§ **DIRECTIONS FOR THIS TASK**:
For the records below, output word for word the lines from the one with "瑪努利公司授權代理經銷商代理證書" up to and including the one with "Reflux, nereflux, Světlanka". No pictures.

§ **DATASET ENTRIES**:
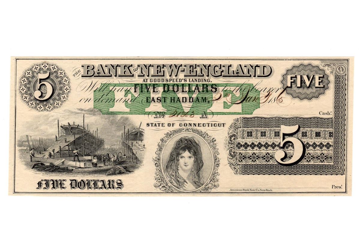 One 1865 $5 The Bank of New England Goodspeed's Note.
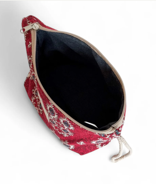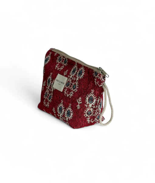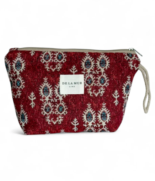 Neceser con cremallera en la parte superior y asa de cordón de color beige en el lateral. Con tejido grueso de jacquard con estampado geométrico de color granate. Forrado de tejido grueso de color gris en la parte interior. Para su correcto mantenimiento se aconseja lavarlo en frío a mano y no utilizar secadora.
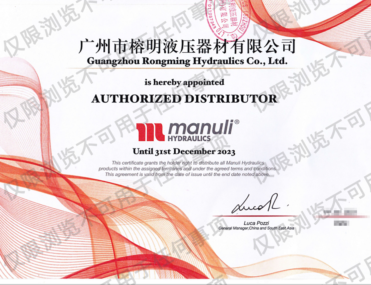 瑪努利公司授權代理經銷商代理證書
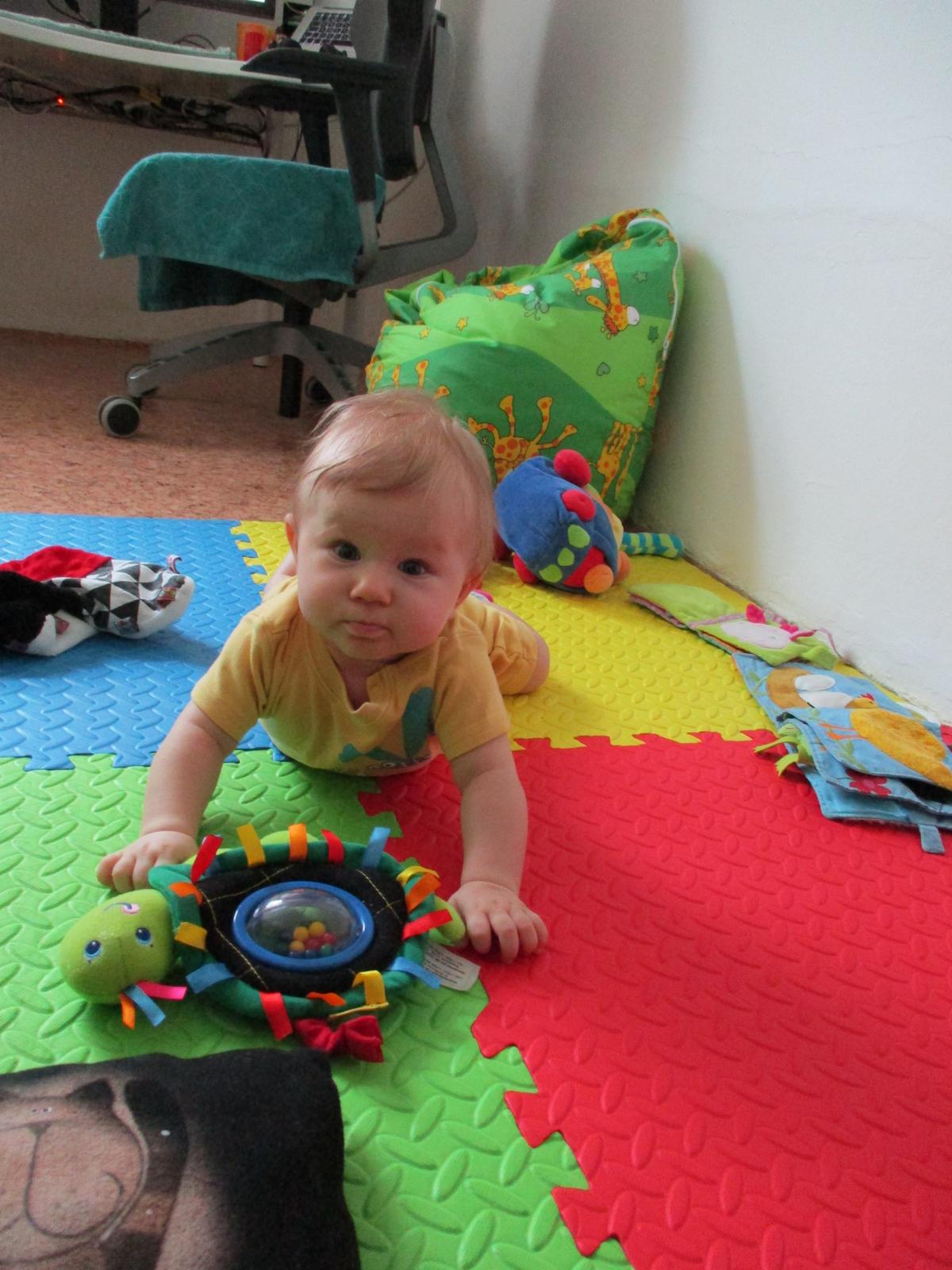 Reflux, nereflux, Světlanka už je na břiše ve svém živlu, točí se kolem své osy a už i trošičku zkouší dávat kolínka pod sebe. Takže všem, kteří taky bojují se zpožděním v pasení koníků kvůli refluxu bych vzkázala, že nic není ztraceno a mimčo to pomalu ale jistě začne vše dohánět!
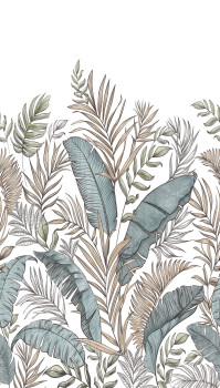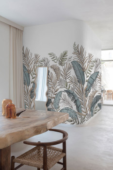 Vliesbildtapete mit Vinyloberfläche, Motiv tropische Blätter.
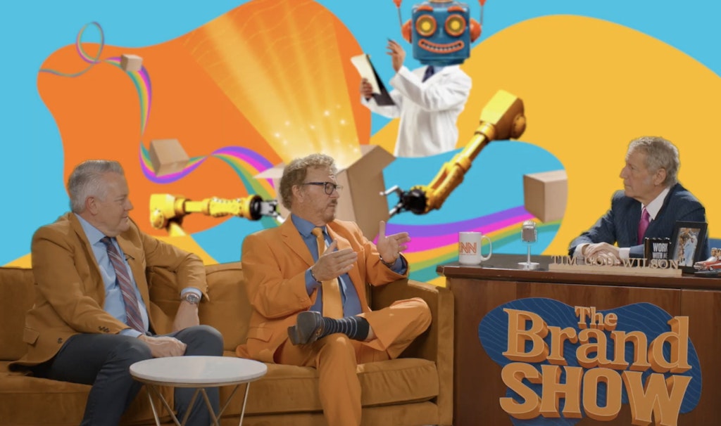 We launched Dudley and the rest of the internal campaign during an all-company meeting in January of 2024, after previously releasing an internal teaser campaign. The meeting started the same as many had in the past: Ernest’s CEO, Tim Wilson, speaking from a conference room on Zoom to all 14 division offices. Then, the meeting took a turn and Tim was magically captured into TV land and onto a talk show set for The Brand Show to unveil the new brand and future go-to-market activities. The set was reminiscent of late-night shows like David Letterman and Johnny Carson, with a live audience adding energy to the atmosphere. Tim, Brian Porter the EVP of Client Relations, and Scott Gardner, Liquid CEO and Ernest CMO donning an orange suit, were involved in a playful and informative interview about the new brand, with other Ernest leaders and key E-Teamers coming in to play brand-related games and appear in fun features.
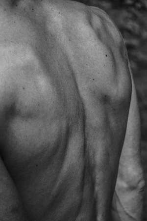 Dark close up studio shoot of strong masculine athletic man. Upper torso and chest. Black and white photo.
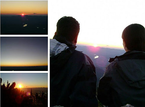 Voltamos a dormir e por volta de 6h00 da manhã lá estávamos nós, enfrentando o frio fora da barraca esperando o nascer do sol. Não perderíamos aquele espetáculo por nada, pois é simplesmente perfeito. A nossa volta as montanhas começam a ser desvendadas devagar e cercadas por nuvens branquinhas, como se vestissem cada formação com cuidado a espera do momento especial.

---

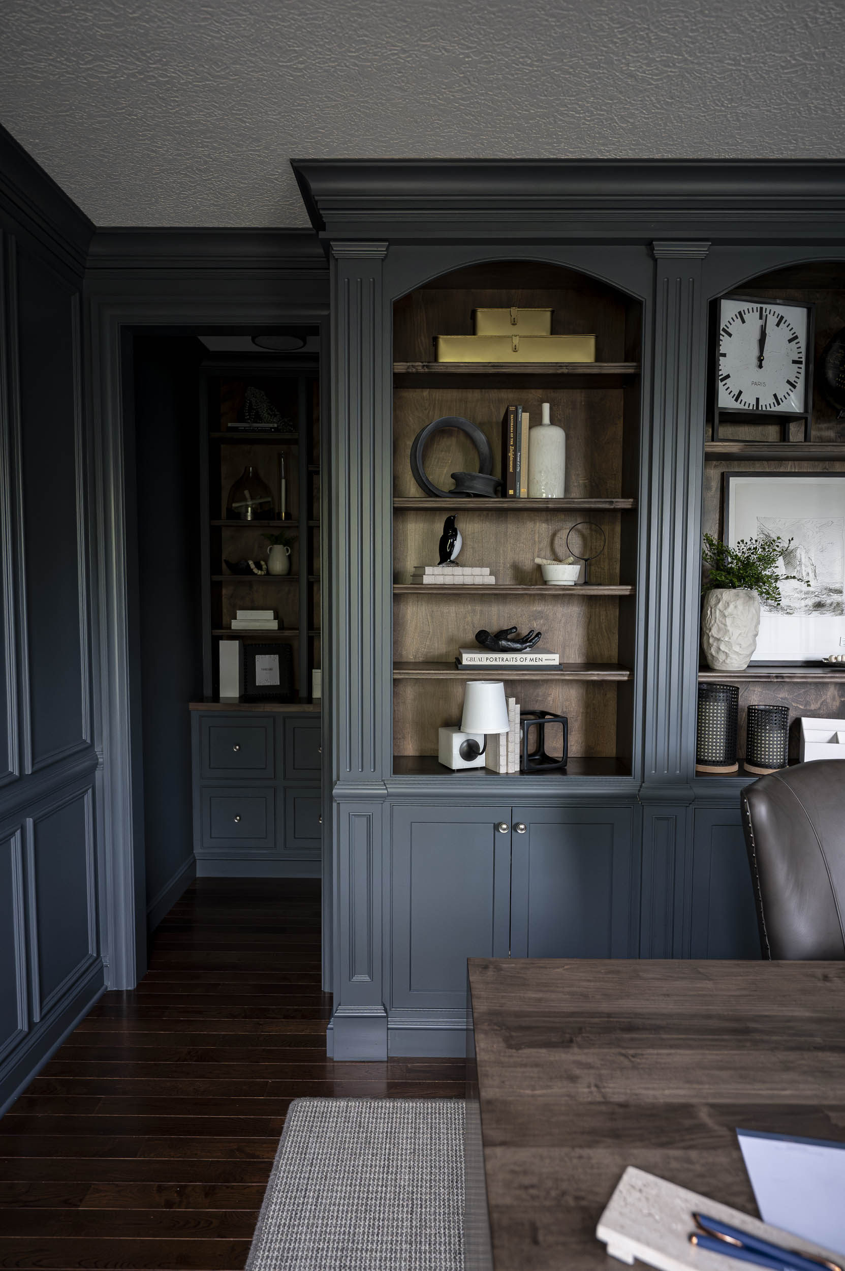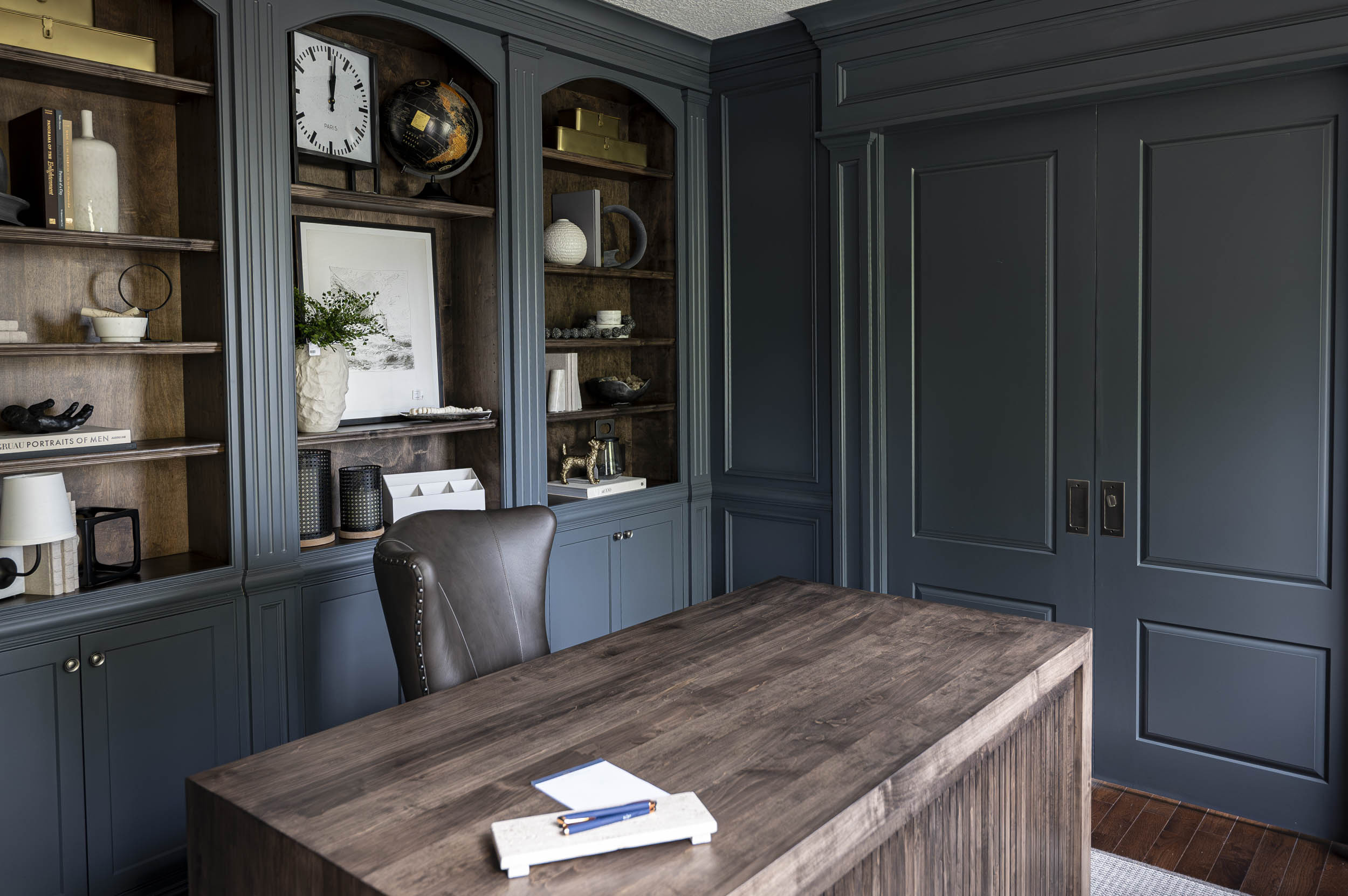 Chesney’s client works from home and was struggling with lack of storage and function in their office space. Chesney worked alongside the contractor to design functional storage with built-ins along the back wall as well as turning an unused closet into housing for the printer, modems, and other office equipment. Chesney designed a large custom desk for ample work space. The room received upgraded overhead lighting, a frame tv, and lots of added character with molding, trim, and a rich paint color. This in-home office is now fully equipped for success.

§ **FINISHED TASK**:
 瑪努利公司授權代理經銷商代理證書
 Reflux, nereflux, Světlanka už je na břiše ve svém živlu, točí se kolem své osy a už i trošičku zkouší dávat kolínka pod sebe. Takže všem, kteří taky bojují se zpožděním v pasení koníků kvůli refluxu bych vzkázala, že nic není ztraceno a mimčo to pomalu ale jistě začne vše dohánět!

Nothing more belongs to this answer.